··· Exercise material ···

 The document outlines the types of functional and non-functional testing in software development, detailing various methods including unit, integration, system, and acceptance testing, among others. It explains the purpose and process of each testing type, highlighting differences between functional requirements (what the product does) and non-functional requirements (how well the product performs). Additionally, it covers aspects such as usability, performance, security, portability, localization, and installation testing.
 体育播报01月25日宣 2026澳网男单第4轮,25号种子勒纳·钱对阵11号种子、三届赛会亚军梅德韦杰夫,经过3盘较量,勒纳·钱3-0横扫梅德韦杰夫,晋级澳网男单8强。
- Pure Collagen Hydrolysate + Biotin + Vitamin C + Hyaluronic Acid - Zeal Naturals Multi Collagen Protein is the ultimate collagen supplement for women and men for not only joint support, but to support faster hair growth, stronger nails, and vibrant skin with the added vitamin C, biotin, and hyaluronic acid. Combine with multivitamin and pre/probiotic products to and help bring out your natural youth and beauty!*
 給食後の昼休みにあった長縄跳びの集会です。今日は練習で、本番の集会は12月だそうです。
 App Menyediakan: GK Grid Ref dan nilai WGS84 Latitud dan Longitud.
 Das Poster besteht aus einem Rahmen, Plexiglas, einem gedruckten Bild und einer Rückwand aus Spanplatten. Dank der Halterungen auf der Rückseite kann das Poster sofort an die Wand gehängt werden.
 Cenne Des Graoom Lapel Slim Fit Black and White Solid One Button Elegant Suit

···
··· Exercise material ···

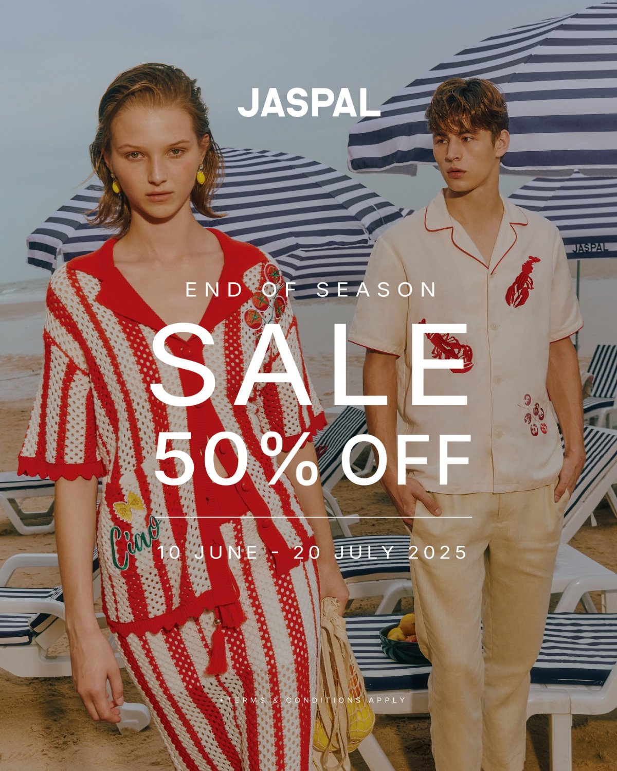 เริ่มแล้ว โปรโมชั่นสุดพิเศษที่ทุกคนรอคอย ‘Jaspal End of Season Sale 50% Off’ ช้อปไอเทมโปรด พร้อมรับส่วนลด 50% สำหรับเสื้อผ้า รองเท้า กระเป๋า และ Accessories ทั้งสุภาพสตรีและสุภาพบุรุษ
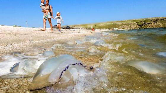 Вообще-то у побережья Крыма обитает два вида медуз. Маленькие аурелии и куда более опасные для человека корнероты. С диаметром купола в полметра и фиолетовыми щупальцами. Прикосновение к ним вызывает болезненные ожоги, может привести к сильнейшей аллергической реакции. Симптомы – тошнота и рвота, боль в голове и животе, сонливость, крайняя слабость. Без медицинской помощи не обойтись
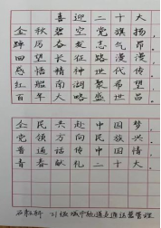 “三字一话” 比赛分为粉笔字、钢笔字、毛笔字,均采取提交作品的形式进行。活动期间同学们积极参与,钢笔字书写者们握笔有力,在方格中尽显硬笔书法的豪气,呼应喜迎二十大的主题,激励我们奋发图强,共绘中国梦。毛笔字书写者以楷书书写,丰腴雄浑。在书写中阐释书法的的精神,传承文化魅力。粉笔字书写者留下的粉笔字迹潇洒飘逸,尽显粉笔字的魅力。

···
··· Exercise material ···

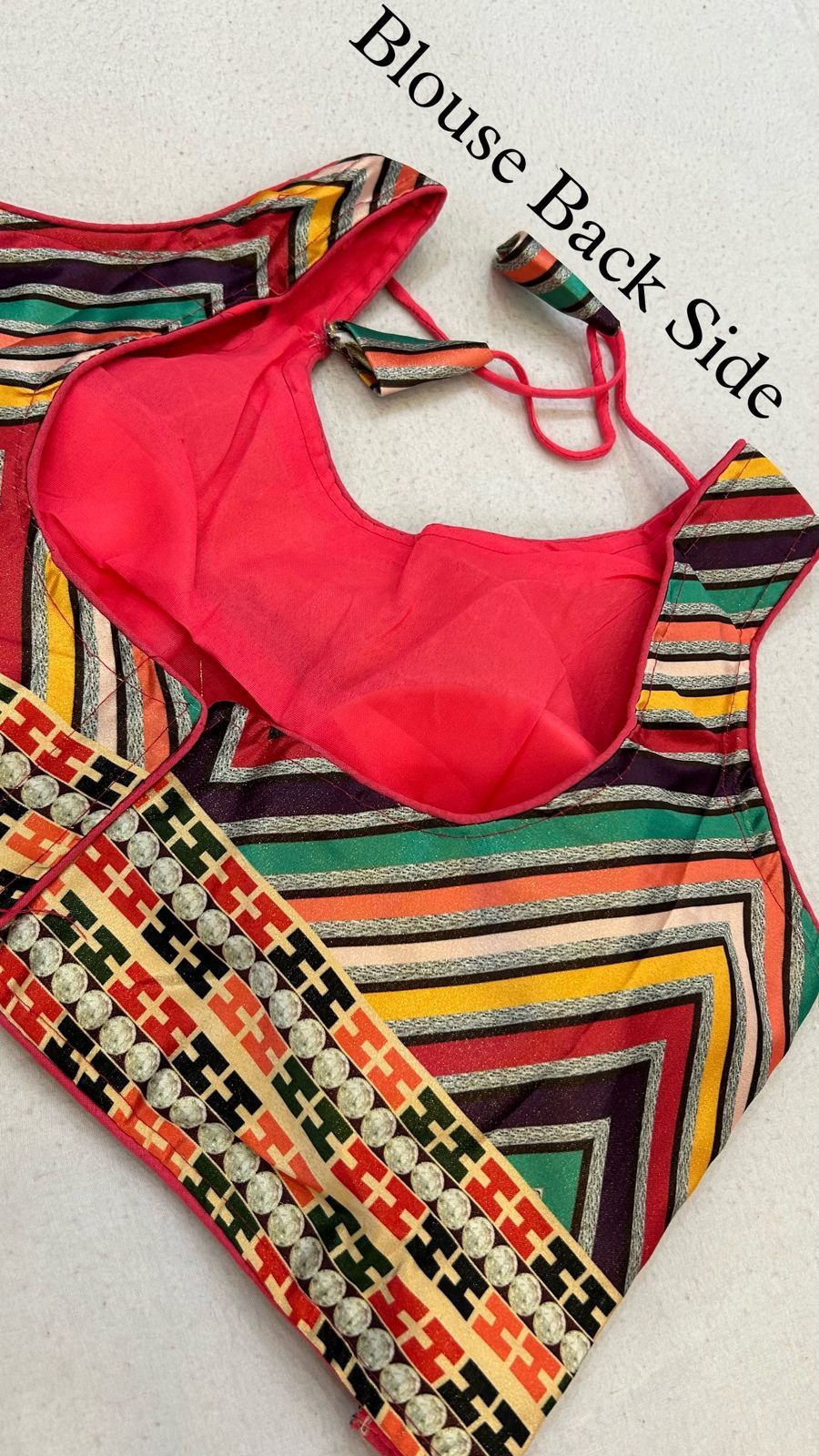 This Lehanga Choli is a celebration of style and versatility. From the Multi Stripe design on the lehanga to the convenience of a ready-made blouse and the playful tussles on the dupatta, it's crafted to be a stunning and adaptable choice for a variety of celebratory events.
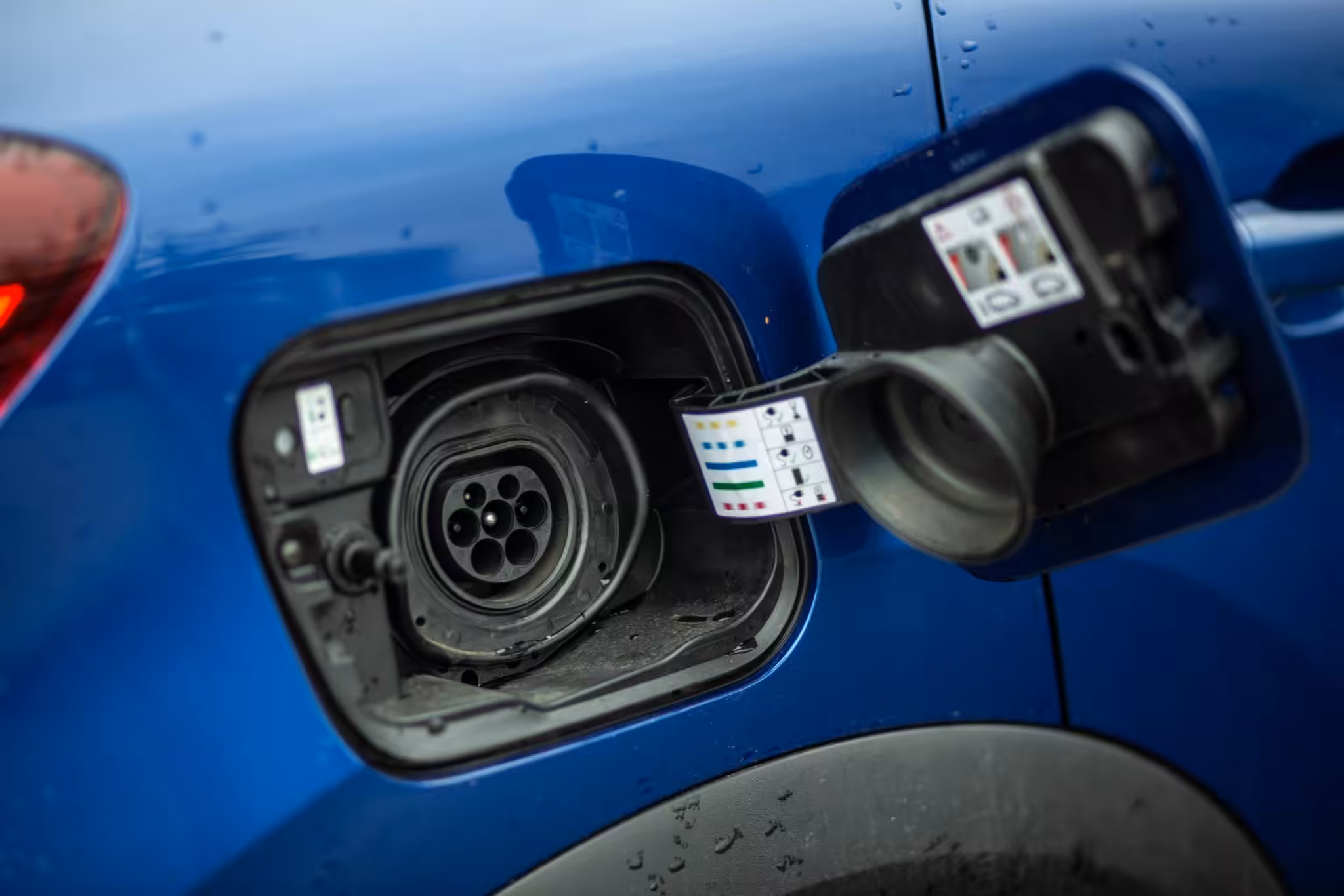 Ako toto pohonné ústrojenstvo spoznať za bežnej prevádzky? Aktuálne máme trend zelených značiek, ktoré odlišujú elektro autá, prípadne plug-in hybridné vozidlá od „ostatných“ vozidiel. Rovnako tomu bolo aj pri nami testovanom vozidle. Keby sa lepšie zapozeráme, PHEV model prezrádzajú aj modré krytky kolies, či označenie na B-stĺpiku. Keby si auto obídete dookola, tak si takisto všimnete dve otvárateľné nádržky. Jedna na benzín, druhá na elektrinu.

···

Aim of the task – Output, from the data above, the lines from the line with "The document outlines" to the line with "体育播报01月25日宣 20" exactly as they stand, both ends included and nothing else.

Solution to this exercise –
 The document outlines the types of functional and non-functional testing in software development, detailing various methods including unit, integration, system, and acceptance testing, among others. It explains the purpose and process of each testing type, highlighting differences between functional requirements (what the product does) and non-functional requirements (how well the product performs). Additionally, it covers aspects such as usability, performance, security, portability, localization, and installation testing.
 体育播报01月25日宣 2026澳网男单第4轮,25号种子勒纳·钱对阵11号种子、三届赛会亚军梅德韦杰夫,经过3盘较量,勒纳·钱3-0横扫梅德韦杰夫,晋级澳网男单8强。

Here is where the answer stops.